My life is love. just the word isn't right. i would love to let the love free just i am not sure if it had grown the wings strong enough. my life is a bird. my life is a land
there is such a deep ocean of love washing my shores. every time taking something in and rarely leaving something behind. there are almost no washed out sticks of passion, there are no stones of desire, there are no pieces of amber reminding the victory and the hope. i heard someone say "if you are lucky you will never fall in love again". i haven't heard anyone being lucky
in few decades you learn how to accept it- just like a fact that your tea got cold. unavoidable. but it takes more than just a time to give up. and i am not sure if i have what it takes.
it resembles a bit of a dream that repeats itself for years and years, and every time you don't get too far from the previous episode. i feel how the curiosity to dream it again overrules me and after short bargaining session takes all of my balance and leaves me with despair. leaves me with those weak wings to be blasted by the winds above the grey and powerful ocean. of unknown, of love. leaves me alone with unavoidable destiny.
i feel that those last minutes to home are the most excruciating. my wings get sore, i lose my faith and fall. and it never hurts. the ocean and the sky turns up and down exchanging places and it feels like i have never stop fluttering my wings, like i kept on going. and i never stopped feeling. the painless moment is endless falling itself.

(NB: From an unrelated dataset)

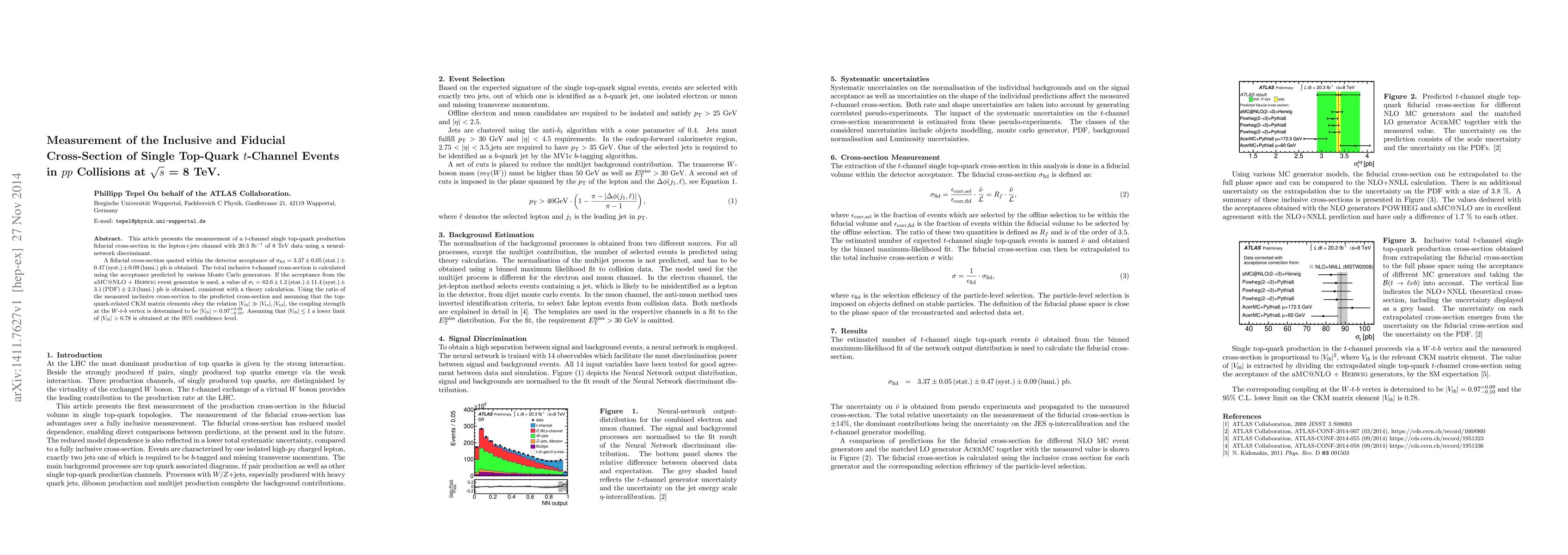 This paper measures the fiducial and inclusive cross-sections of single top-quark $t$-channel production at 8 TeV, obtaining $\sigma_{\rm fid} = 3.37 \pm 0.56 \pm 0.09$ pb and $\sigma_t = 82.6 \pm 12.7 \pm 5.4 \pm 2.3$ pb, consistent with Standard Model predictions. The study also determines $|V_{tb}| = 0.97^{+0.09}_{-0.10}$ with a 95% confidence lower limit of $|V_{tb}| > 0.78$.

the endless course visited Robert Frost in June 1922 when he was up all night finishing his poem "New Hampshire" and has finally finished it when he realized that morning had come, he went for a walk and got the idea for "stopping by woods on a snowy evening" he wrote it about the snowy evening and the little horse as "if I'd had a hallucination" in just "a few minutes without strain"

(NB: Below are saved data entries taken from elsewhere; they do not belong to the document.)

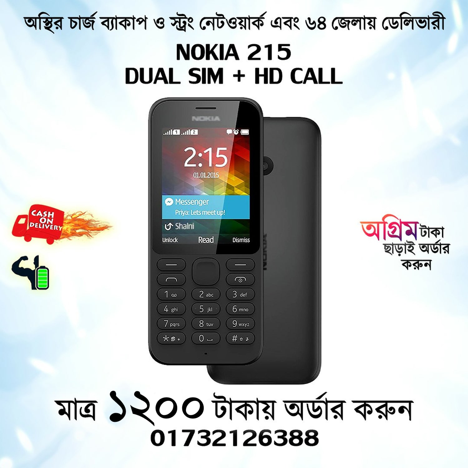 অস্থির নোকিয়া বাটন মোবাইল নোকিয়া ২১৫ অর্ডার করুন Mobile Candy তে।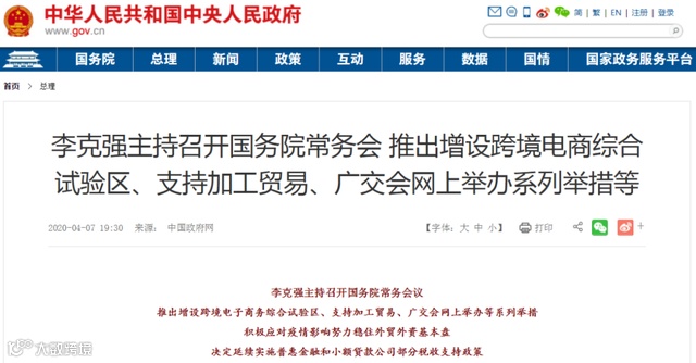 本次国常会除了广交会之外,还有两个重磅关键点:增设跨境电子商务综合试验区,支持加工贸易。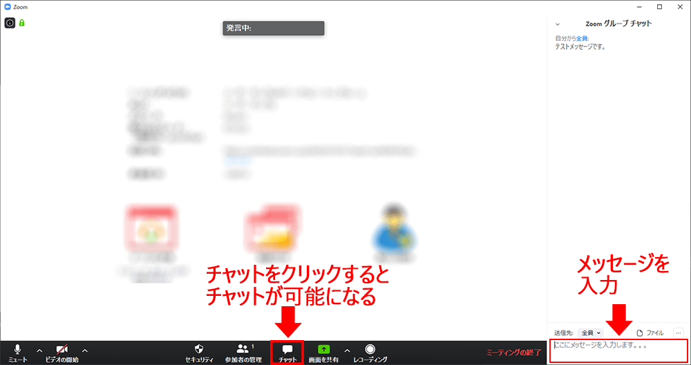 ミーティング下部の「チャット」をクリックすると、チャット画面が開きます。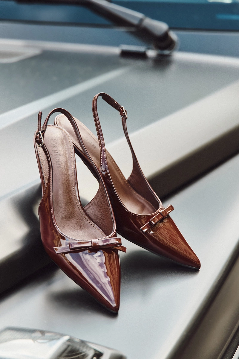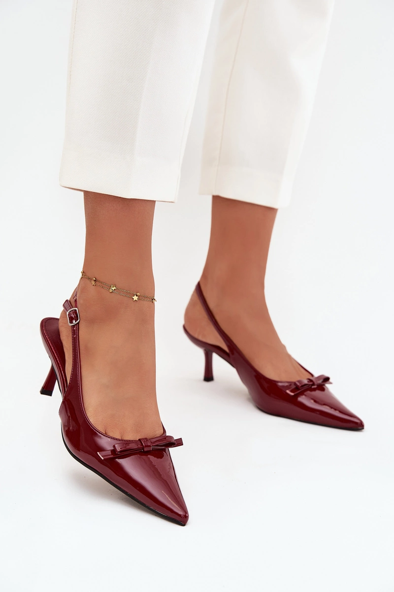 Lakierowane Czółenka Na Szpilce Z Kokardką Bordowe Olvena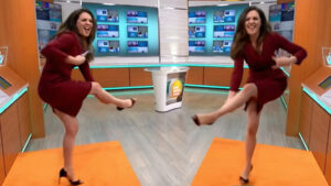 During the live broadcast, popular weather presenter Laura Tobin surprised the entire studio with a moment nobody saw coming. While standing in front of the weather screen, she suddenly lifted her leg high into the air and pretended to strum it like a guitar. Yes… you read that right—her leg became the guitar!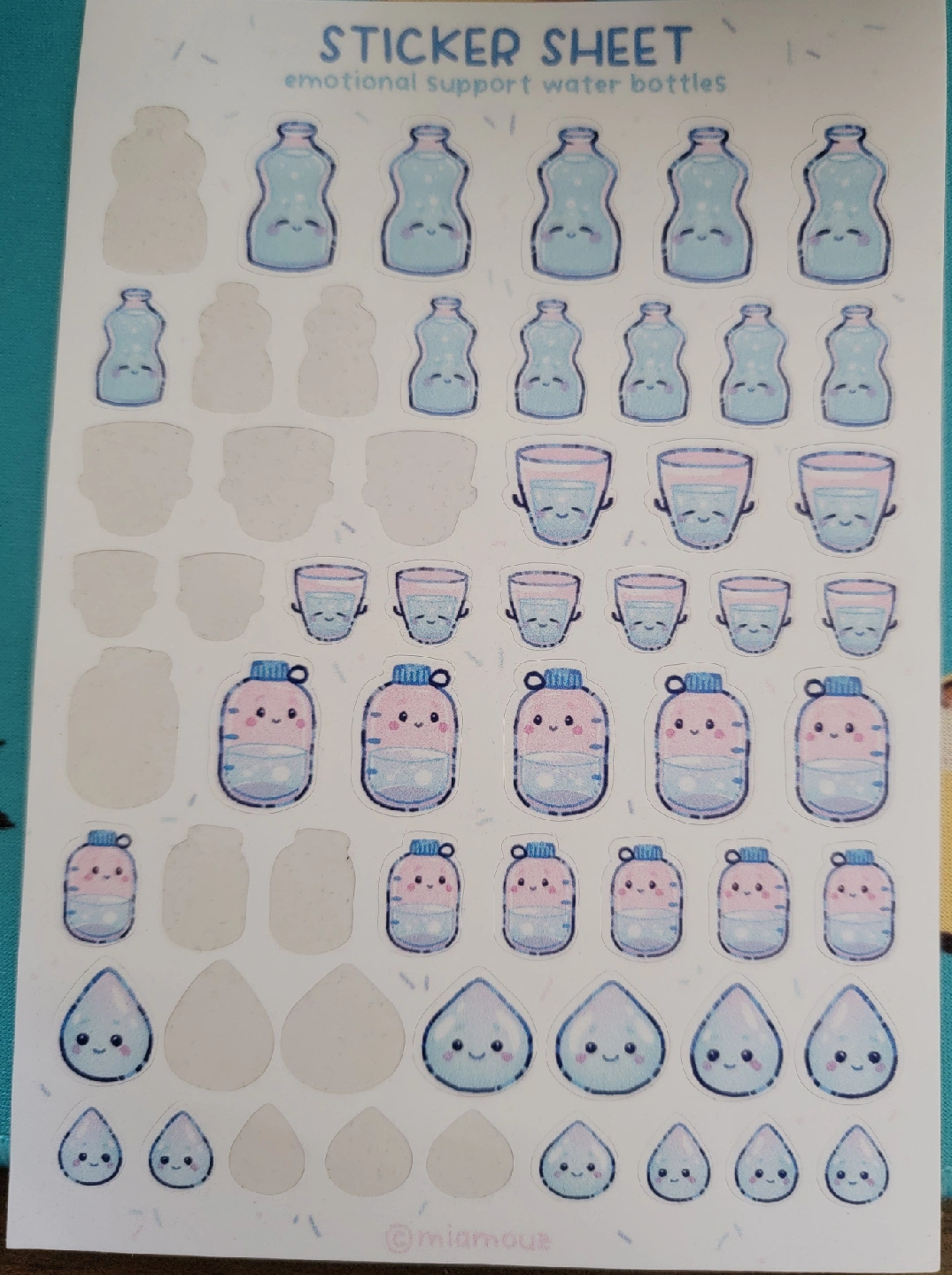 Cute sticker sheet with designs of water bottles, cups, and water droplets with smiley faces! Perfect for decorating your notebooks, laptops, or water bottles.

Whose woods these are I think I know.
His house is in the village though;
He will not see me stopping here
To watch his woods fill up with snow.
My little horse must think it queer
To stop without a farmhouse near
Between the woods and frozen lake
The darkest evening of the year.
He gives his harness bells a shake
To ask if there is some mistake.
The only other sound’s the sweep
Of easy wind and downy flake.
The woods are lovely, dark and deep,
But I have promises to keep,
And miles to go before I sleep,
And miles to go before I sleep.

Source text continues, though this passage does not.